The skin was then cooked in a low temperature oven for 3 hours to render out the fat. A mixture of maltose and vinegar was brushed on top, and the skin was then cooked at a higher temperature (with a smoke package) for 15 minutes. Just before serving, hot oil was ladled over the skin until the skin is crisp and take on a nice colour. This last step actually took a lot longer than I imagined (about 30 minutes). This is what the skin looked like after the oil bath and then cut up.
One very strange thing about this recipe is that Blumenthal's recipes usually start from scratch on everything, including baking your own buns and perhaps even constructing your own oven for the job. In this case, he just asks you to buy the pancakes. Ironically the only place I know that sells these pancakes in Lethbridge actually ran out, so I had to make them myself. At the end they were perhaps a few mm thicker than they should be, but the texture was right.
Here is what the pancakes look like just before I wrapped it up.
The second course was some duck breast that had been brined and then poached slowly in a duck stock (more on this later). It came out as I expected: tender and very flavorful.
The third course was a duck consomme with tofu. I did not follow the "consomme with dumpling" recipe in the book: somehow I thought tofu was more what I mentally expect from such a soup. To make the consomme, I first made a double stock with duck bones, chicken wings, and pork bones.
This was done in a pressure cooker so it was extremely cloudy. The next part of the recipe calls for ice filtration: freezing the stock and slowly melting it in the fridge so that the gelatin would trap all impurities.
This was supposed to take 24 hours, but after 12 hours not a single drop has come out. I took it out of the fridge for another 3 hours. Nothing. It was clear that perhaps I put in too much gelatin. I then put it next to a space heater and finally it started to drip. As expected, absolutely clear and flavorful liquid started to come out. Unfortunately there was definitely too much gelatin and I only managed to get a few tbsp after 1.5 hours from 1.5L of stock! Then disaster struck: the gelatin was melting too fast and dripped down, and everything was cloudy again.

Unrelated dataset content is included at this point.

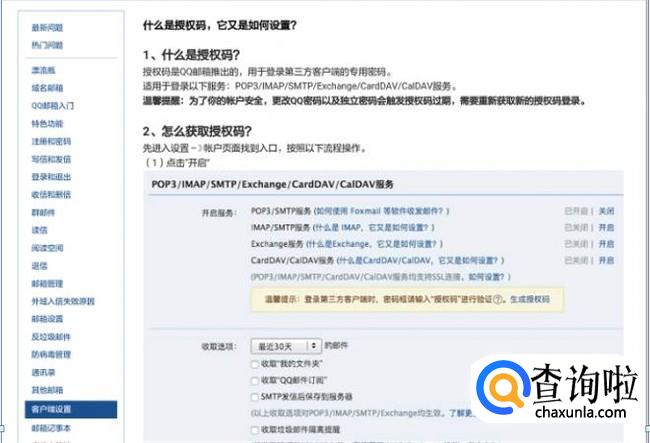 当自定义的“授权码”设置成功之后,将POP3服务与IMAP服务开启。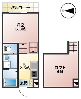 | 間取内容 | 洋室6.3畳 S6畳 K2.5畳 | ||

At that point I gave up and decided to clarify the stock with the classical technique: simmering with egg white, aromatics, lean ground meat. That did the trick. The stock was then seasoned and tofu was added for a very flavorful consomme.
Last course was stir fry with leg meat. Again I deviated from the recipe. I poached the legs instead of making a confit---confit is not really a Chinese technique, and I was poaching the breast anyway. The duck meat was then chopped into small bits. I added bamboo shoot, water chestnuts, shiitake mushrooms, and straw mushrooms. A touch of oyster sauce and sesame oil were added as well. Everything was then wrapped in large lettuce leaves.
Overall, it was a lot of work and perhaps it's easier to just go and order from restaurant. But it was definitely fun to do it yourself and the result was actually better: especially the soup. I will have to try ice filtration some other day.